> **Requirement**
All records below must be reproduced exactly, although any pictures they contain are to be omitted.
#### Dataset ####
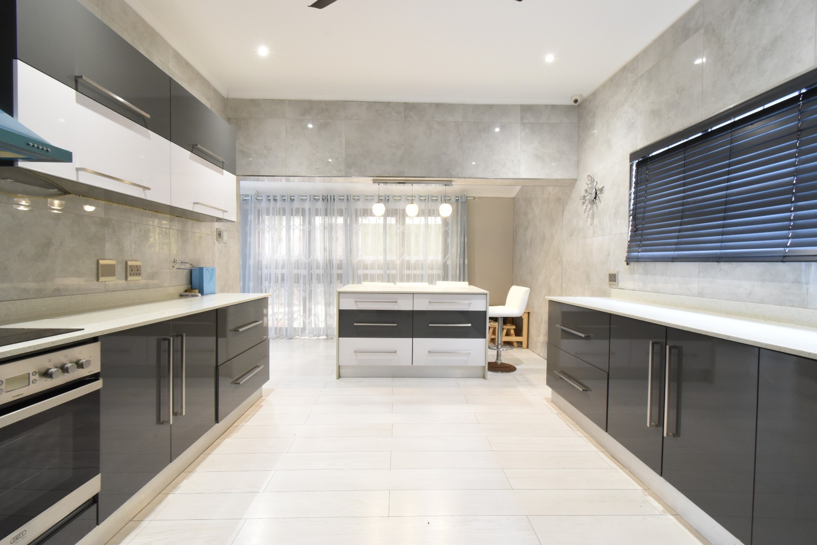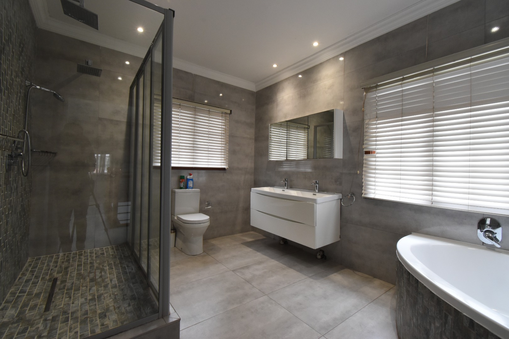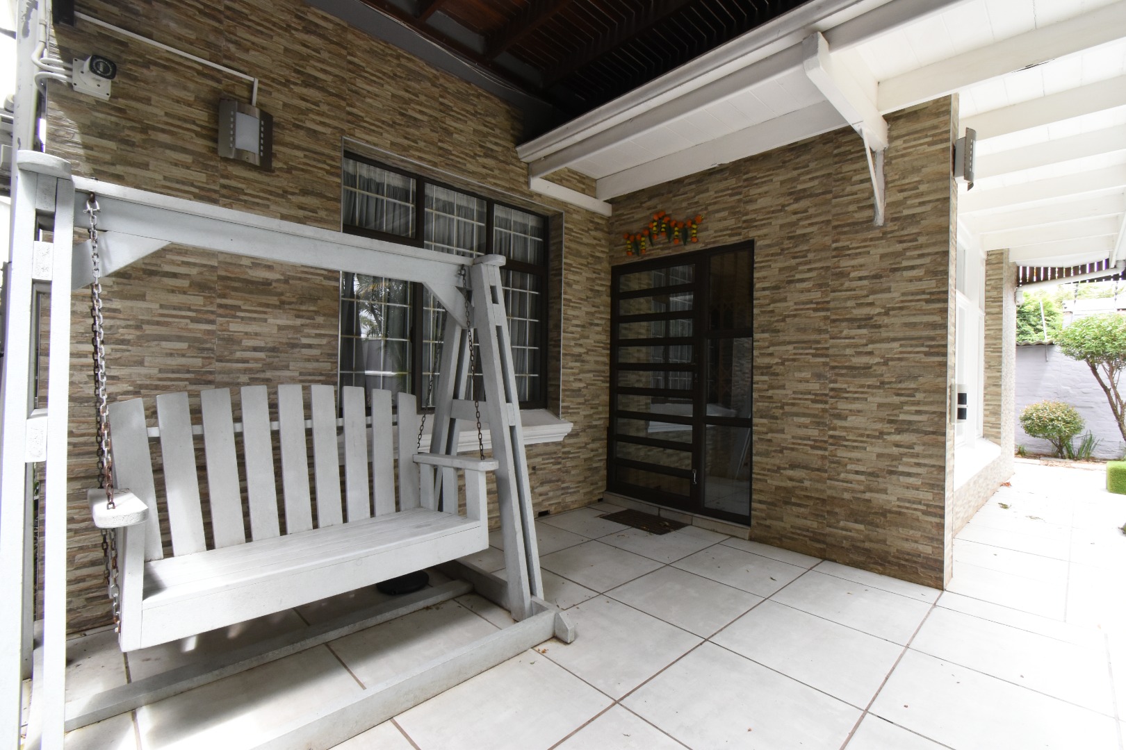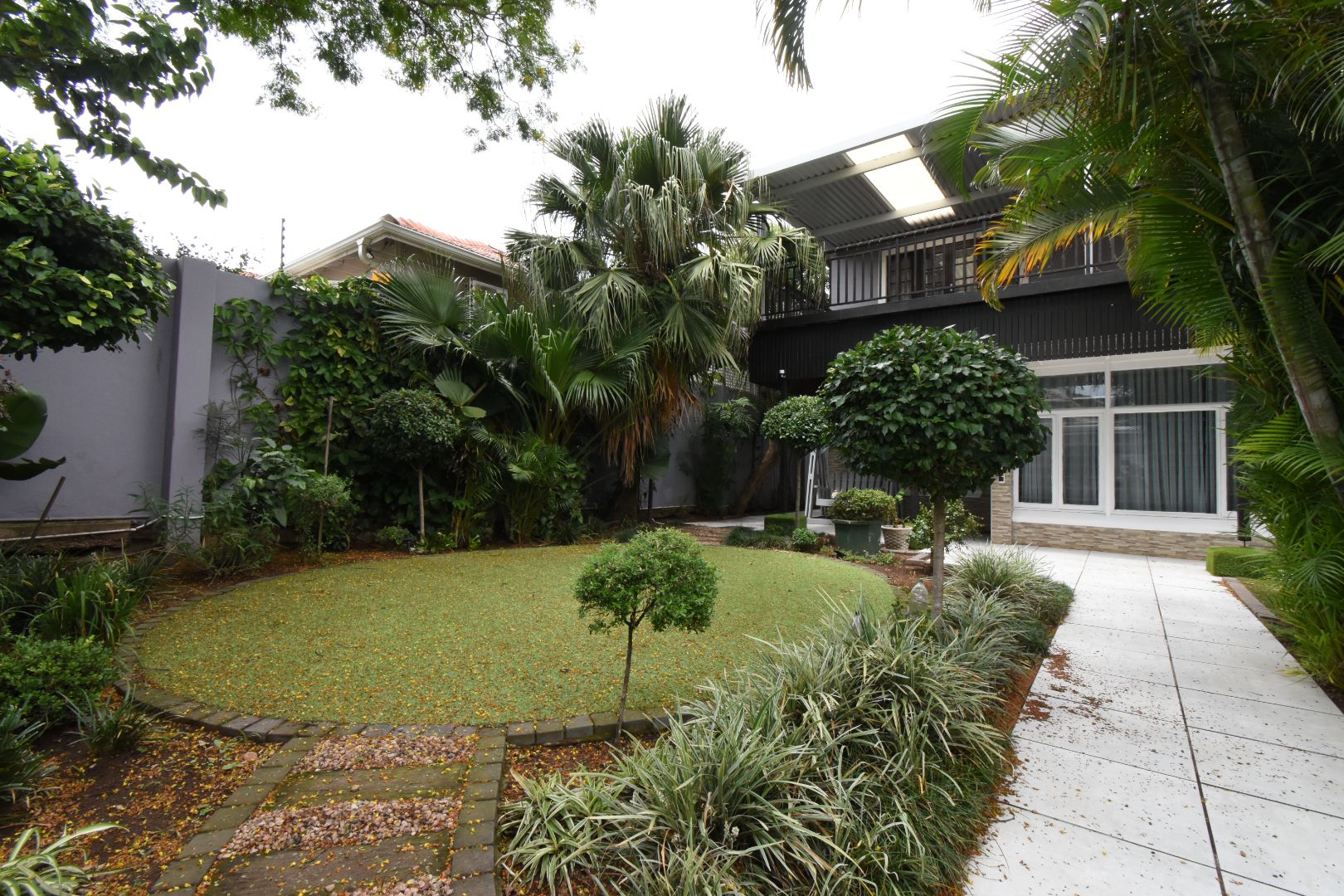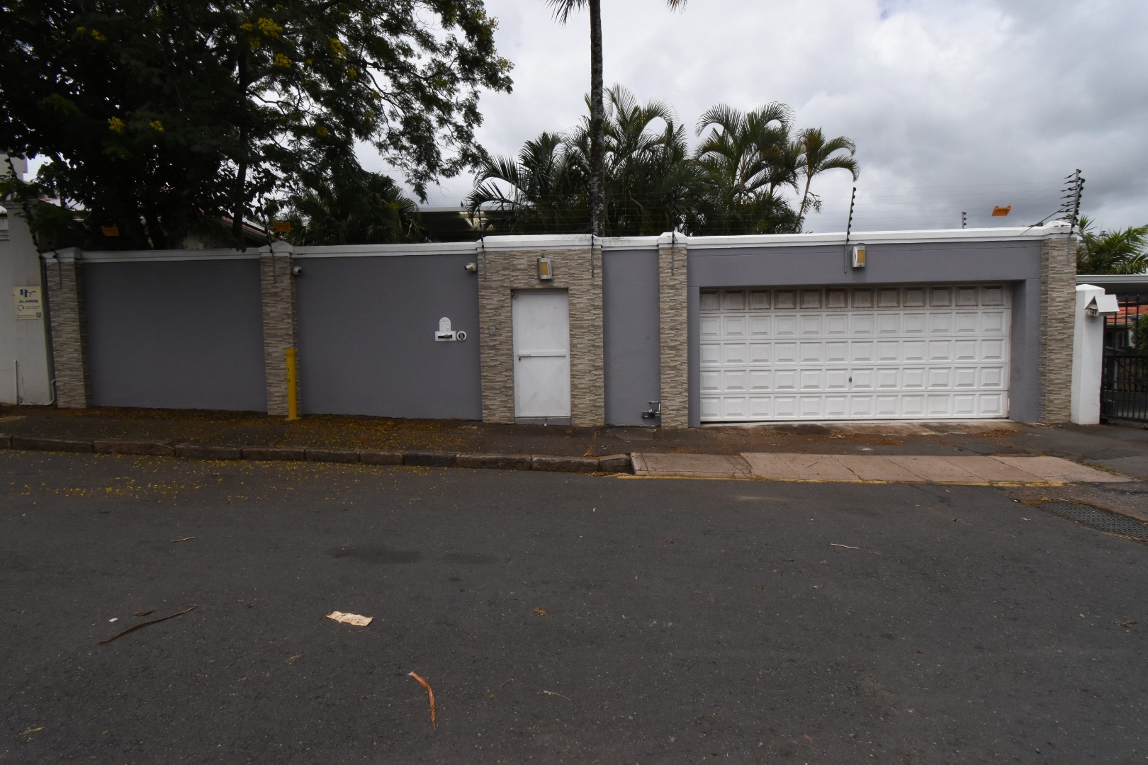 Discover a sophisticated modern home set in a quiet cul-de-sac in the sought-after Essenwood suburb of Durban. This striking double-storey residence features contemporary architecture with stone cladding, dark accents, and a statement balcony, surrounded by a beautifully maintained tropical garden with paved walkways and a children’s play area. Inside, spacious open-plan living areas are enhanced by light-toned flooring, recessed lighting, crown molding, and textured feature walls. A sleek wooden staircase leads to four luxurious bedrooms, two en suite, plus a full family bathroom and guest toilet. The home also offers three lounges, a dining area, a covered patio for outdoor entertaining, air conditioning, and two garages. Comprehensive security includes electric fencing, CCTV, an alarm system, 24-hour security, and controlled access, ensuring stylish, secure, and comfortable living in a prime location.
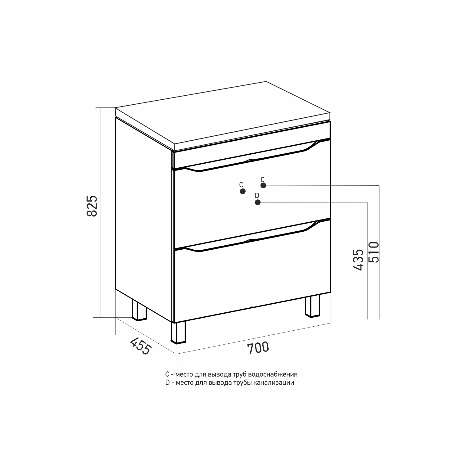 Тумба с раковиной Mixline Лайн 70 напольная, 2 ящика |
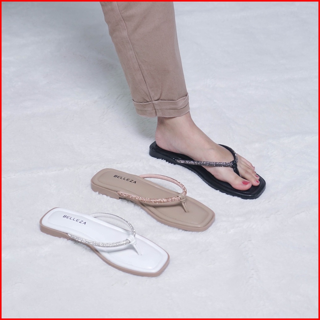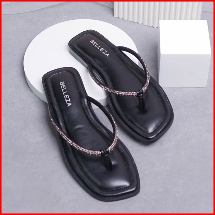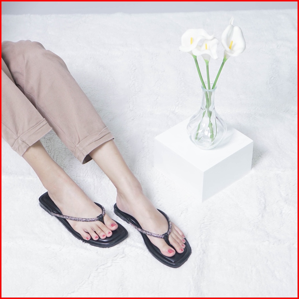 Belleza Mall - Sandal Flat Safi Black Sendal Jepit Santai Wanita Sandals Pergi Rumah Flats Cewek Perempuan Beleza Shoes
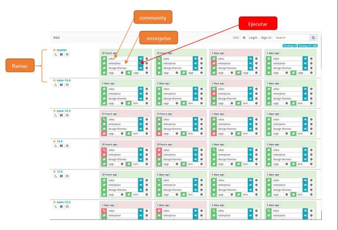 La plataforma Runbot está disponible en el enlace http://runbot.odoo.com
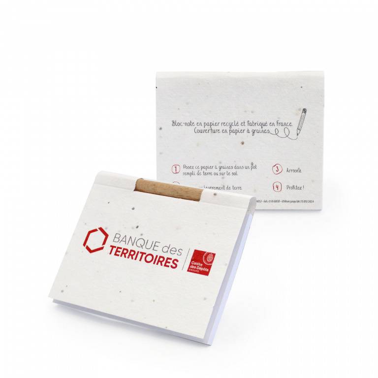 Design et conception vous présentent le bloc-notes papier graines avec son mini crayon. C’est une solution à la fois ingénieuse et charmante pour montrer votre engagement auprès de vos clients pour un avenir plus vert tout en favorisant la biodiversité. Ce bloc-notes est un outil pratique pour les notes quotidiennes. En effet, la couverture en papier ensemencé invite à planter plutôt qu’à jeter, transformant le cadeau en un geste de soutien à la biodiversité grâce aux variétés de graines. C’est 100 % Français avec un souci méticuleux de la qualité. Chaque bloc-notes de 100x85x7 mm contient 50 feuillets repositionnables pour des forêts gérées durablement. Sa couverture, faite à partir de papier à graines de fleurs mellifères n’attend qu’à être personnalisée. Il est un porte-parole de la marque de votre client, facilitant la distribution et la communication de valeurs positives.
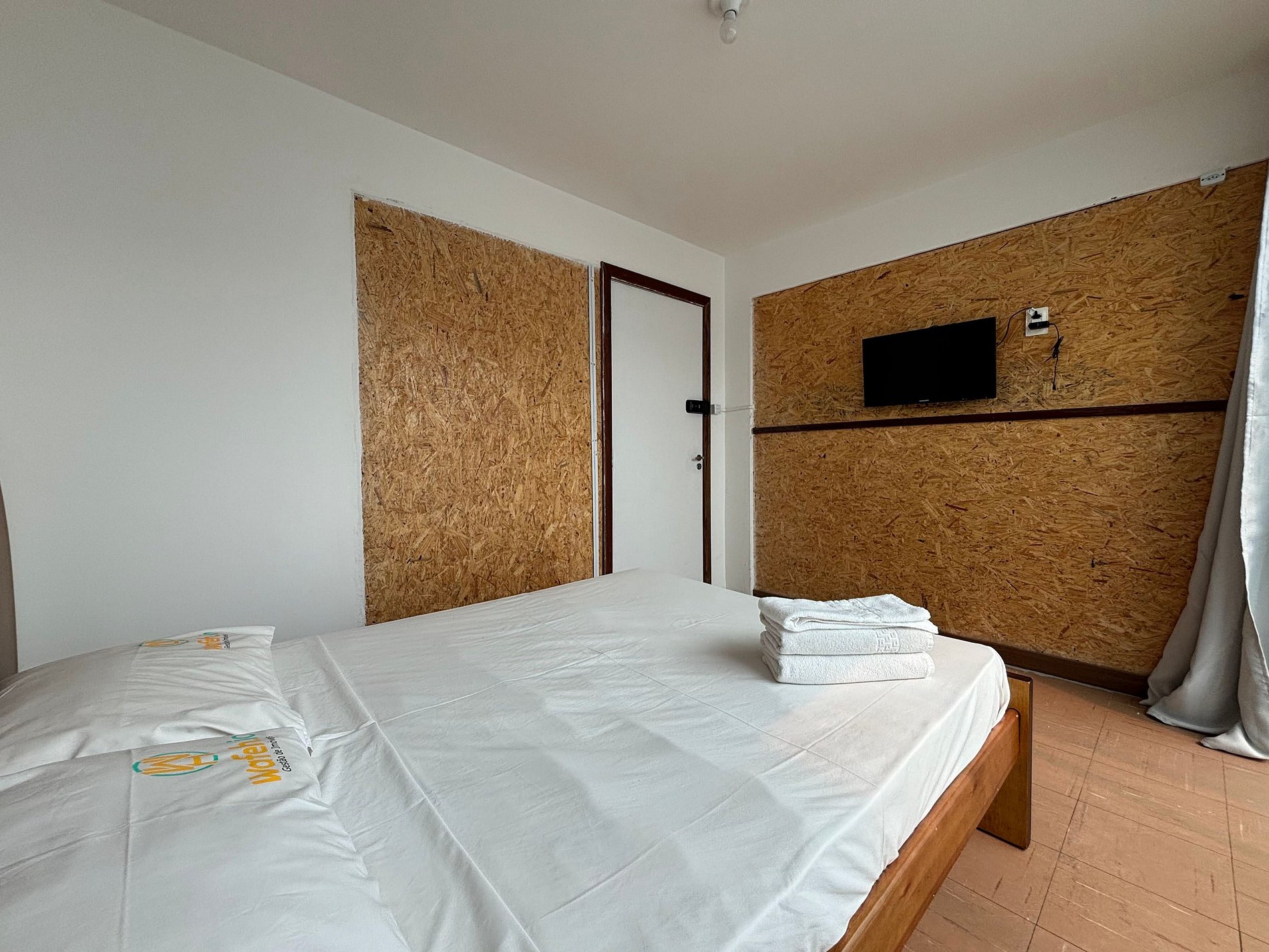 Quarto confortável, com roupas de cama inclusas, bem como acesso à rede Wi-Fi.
####
> **Result of the task**
 Discover a sophisticated modern home set in a quiet cul-de-sac in the sought-after Essenwood suburb of Durban. This striking double-storey residence features contemporary architecture with stone cladding, dark accents, and a statement balcony, surrounded by a beautifully maintained tropical garden with paved walkways and a children’s play area. Inside, spacious open-plan living areas are enhanced by light-toned flooring, recessed lighting, crown molding, and textured feature walls. A sleek wooden staircase leads to four luxurious bedrooms, two en suite, plus a full family bathroom and guest toilet. The home also offers three lounges, a dining area, a covered patio for outdoor entertaining, air conditioning, and two garages. Comprehensive security includes electric fencing, CCTV, an alarm system, 24-hour security, and controlled access, ensuring stylish, secure, and comfortable living in a prime location.
 Тумба с раковиной Mixline Лайн 70 напольная, 2 ящика |
 Belleza Mall - Sandal Flat Safi Black Sendal Jepit Santai Wanita Sandals Pergi Rumah Flats Cewek Perempuan Beleza Shoes
 La plataforma Runbot está disponible en el enlace http://runbot.odoo.com
 Design et conception vous présentent le bloc-notes papier graines avec son mini crayon. C’est une solution à la fois ingénieuse et charmante pour montrer votre engagement auprès de vos clients pour un avenir plus vert tout en favorisant la biodiversité. Ce bloc-notes est un outil pratique pour les notes quotidiennes. En effet, la couverture en papier ensemencé invite à planter plutôt qu’à jeter, transformant le cadeau en un geste de soutien à la biodiversité grâce aux variétés de graines. C’est 100 % Français avec un souci méticuleux de la qualité. Chaque bloc-notes de 100x85x7 mm contient 50 feuillets repositionnables pour des forêts gérées durablement. Sa couverture, faite à partir de papier à graines de fleurs mellifères n’attend qu’à être personnalisée. Il est un porte-parole de la marque de votre client, facilitant la distribution et la communication de valeurs positives.
 Quarto confortável, com roupas de cama inclusas, bem como acesso à rede Wi-Fi.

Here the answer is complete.